Stored data entries
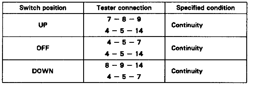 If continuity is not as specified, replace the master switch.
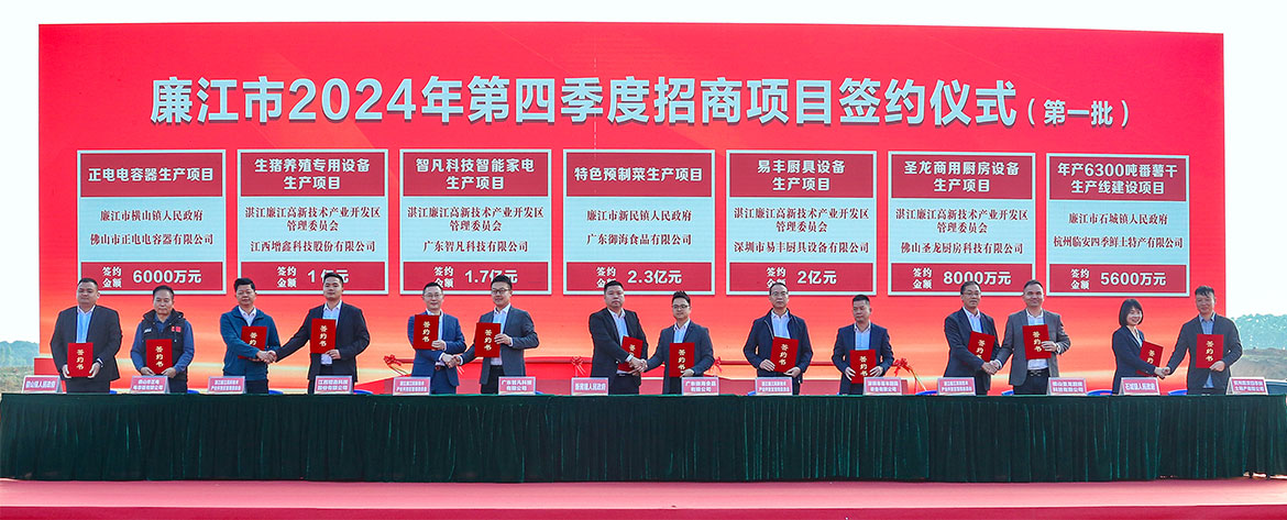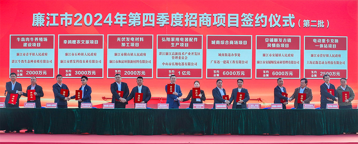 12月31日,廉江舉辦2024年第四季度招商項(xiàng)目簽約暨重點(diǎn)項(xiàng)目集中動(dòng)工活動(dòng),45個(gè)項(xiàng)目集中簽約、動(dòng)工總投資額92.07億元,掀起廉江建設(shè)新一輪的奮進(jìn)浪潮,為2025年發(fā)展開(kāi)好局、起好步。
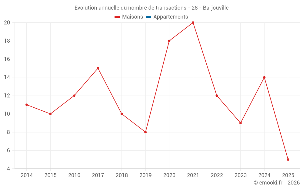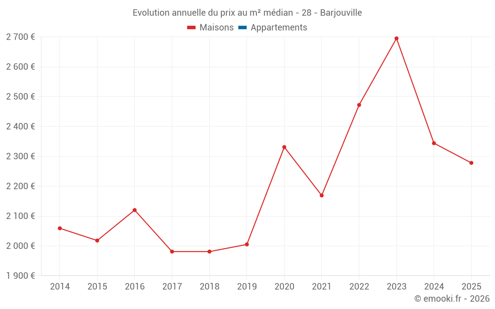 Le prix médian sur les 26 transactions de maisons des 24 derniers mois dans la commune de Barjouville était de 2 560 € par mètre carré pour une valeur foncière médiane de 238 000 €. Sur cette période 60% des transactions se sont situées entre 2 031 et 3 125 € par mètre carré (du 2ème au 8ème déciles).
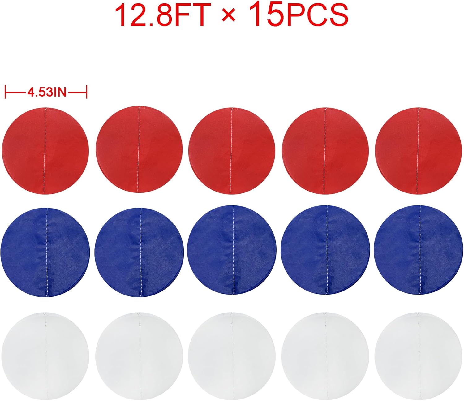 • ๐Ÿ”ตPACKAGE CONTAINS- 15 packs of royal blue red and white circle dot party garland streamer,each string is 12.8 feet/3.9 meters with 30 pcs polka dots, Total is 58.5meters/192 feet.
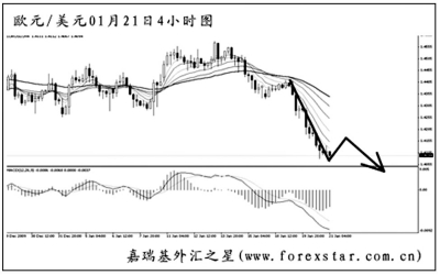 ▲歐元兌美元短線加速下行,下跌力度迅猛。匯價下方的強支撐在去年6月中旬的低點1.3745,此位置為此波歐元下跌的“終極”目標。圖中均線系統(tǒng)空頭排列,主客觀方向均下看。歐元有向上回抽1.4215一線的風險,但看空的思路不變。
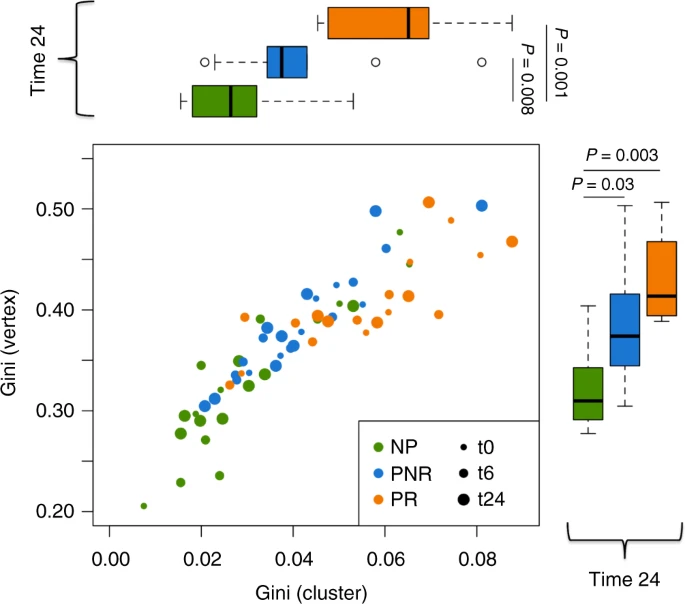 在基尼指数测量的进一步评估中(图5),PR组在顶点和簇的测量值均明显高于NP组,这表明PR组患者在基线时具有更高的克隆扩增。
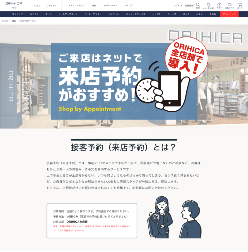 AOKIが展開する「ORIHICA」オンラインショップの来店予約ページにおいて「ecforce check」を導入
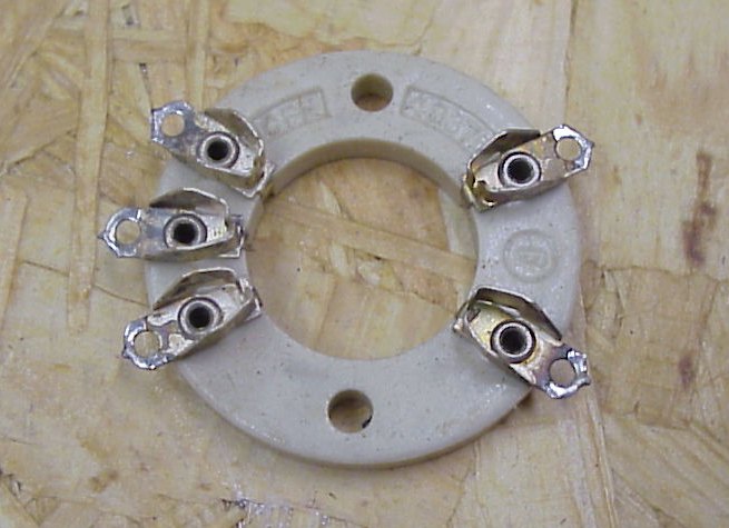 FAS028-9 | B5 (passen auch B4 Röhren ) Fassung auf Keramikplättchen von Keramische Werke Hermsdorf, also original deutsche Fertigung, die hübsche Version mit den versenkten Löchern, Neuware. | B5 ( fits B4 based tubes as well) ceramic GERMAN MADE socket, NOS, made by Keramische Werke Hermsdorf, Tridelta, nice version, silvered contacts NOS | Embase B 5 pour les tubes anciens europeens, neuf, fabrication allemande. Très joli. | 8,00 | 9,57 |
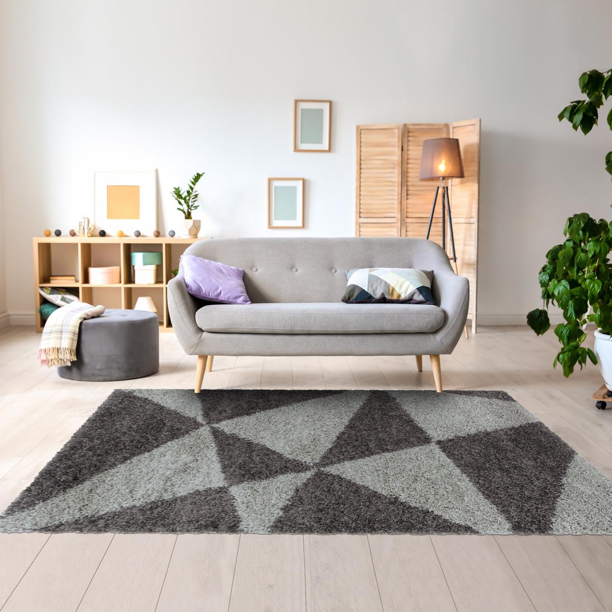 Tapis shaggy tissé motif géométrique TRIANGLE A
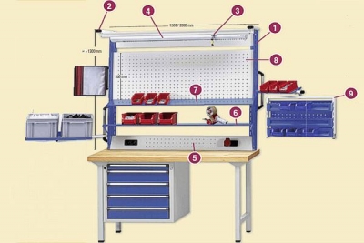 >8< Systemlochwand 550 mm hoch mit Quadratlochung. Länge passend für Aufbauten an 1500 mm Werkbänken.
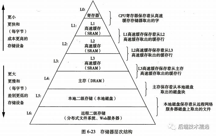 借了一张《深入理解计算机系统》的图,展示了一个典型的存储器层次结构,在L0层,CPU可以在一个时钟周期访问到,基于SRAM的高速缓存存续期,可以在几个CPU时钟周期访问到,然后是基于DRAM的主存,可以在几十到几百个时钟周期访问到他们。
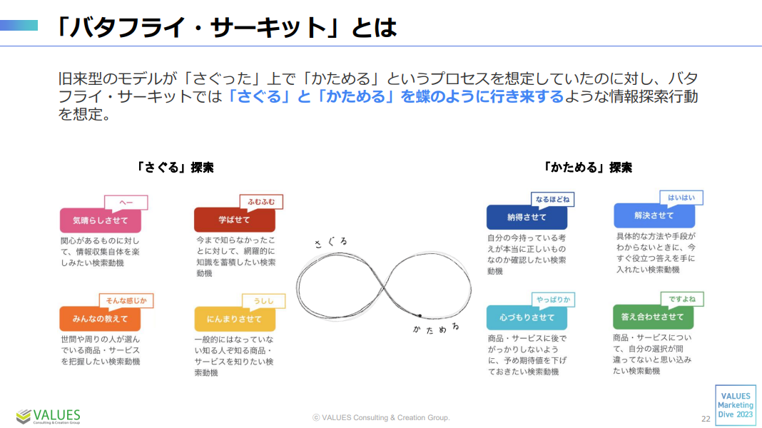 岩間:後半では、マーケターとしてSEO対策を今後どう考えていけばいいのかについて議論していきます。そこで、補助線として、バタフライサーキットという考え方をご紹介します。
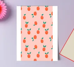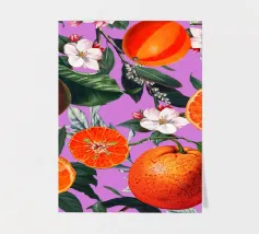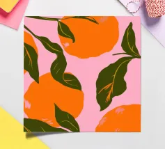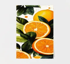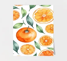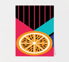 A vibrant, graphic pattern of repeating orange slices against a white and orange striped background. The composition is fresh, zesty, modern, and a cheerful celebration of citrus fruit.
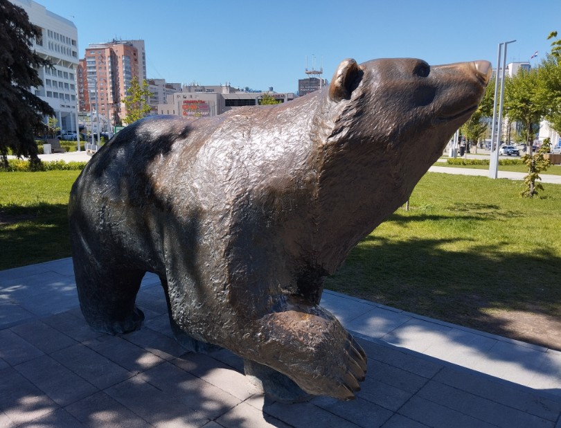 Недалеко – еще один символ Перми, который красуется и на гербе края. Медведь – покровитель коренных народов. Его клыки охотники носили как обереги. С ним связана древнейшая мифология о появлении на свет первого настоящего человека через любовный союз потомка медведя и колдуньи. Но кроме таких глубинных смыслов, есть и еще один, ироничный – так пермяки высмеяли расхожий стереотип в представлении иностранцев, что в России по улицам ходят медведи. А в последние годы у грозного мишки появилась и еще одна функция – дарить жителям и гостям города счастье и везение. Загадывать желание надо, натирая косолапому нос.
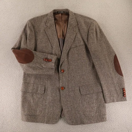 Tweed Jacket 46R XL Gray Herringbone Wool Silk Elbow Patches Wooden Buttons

EXERCISE OBJECTIVE
In the copy, include all records verbatim but no images.

REPLY TO THE TASK
 If continuity is not as specified, replace the master switch.
 12月31日,廉江舉辦2024年第四季度招商項(xiàng)目簽約暨重點(diǎn)項(xiàng)目集中動(dòng)工活動(dòng),45個(gè)項(xiàng)目集中簽約、動(dòng)工總投資額92.07億元,掀起廉江建設(shè)新一輪的奮進(jìn)浪潮,為2025年發(fā)展開(kāi)好局、起好步。
 Le prix médian sur les 26 transactions de maisons des 24 derniers mois dans la commune de Barjouville était de 2 560 € par mètre carré pour une valeur foncière médiane de 238 000 €. Sur cette période 60% des transactions se sont situées entre 2 031 et 3 125 € par mètre carré (du 2ème au 8ème déciles).
 • ๐Ÿ”ตPACKAGE CONTAINS- 15 packs of royal blue red and white circle dot party garland streamer,each string is 12.8 feet/3.9 meters with 30 pcs polka dots, Total is 58.5meters/192 feet.
 ▲歐元兌美元短線加速下行,下跌力度迅猛。匯價下方的強支撐在去年6月中旬的低點1.3745,此位置為此波歐元下跌的“終極”目標。圖中均線系統(tǒng)空頭排列,主客觀方向均下看。歐元有向上回抽1.4215一線的風險,但看空的思路不變。
 在基尼指数测量的进一步评估中(图5),PR组在顶点和簇的测量值均明显高于NP组,这表明PR组患者在基线时具有更高的克隆扩增。
 AOKIが展開する「ORIHICA」オンラインショップの来店予約ページにおいて「ecforce check」を導入
 FAS028-9 | B5 (passen auch B4 Röhren ) Fassung auf Keramikplättchen von Keramische Werke Hermsdorf, also original deutsche Fertigung, die hübsche Version mit den versenkten Löchern, Neuware. | B5 ( fits B4 based tubes as well) ceramic GERMAN MADE socket, NOS, made by Keramische Werke Hermsdorf, Tridelta, nice version, silvered contacts NOS | Embase B 5 pour les tubes anciens europeens, neuf, fabrication allemande. Très joli. | 8,00 | 9,57 |
 Tapis shaggy tissé motif géométrique TRIANGLE A
 >8< Systemlochwand 550 mm hoch mit Quadratlochung. Länge passend für Aufbauten an 1500 mm Werkbänken.
 借了一张《深入理解计算机系统》的图,展示了一个典型的存储器层次结构,在L0层,CPU可以在一个时钟周期访问到,基于SRAM的高速缓存存续期,可以在几个CPU时钟周期访问到,然后是基于DRAM的主存,可以在几十到几百个时钟周期访问到他们。
 岩間:後半では、マーケターとしてSEO対策を今後どう考えていけばいいのかについて議論していきます。そこで、補助線として、バタフライサーキットという考え方をご紹介します。
 A vibrant, graphic pattern of repeating orange slices against a white and orange striped background. The composition is fresh, zesty, modern, and a cheerful celebration of citrus fruit.
 Недалеко – еще один символ Перми, который красуется и на гербе края. Медведь – покровитель коренных народов. Его клыки охотники носили как обереги. С ним связана древнейшая мифология о появлении на свет первого настоящего человека через любовный союз потомка медведя и колдуньи. Но кроме таких глубинных смыслов, есть и еще один, ироничный – так пермяки высмеяли расхожий стереотип в представлении иностранцев, что в России по улицам ходят медведи. А в последние годы у грозного мишки появилась и еще одна функция – дарить жителям и гостям города счастье и везение. Загадывать желание надо, натирая косолапому нос.
 Tweed Jacket 46R XL Gray Herringbone Wool Silk Elbow Patches Wooden Buttons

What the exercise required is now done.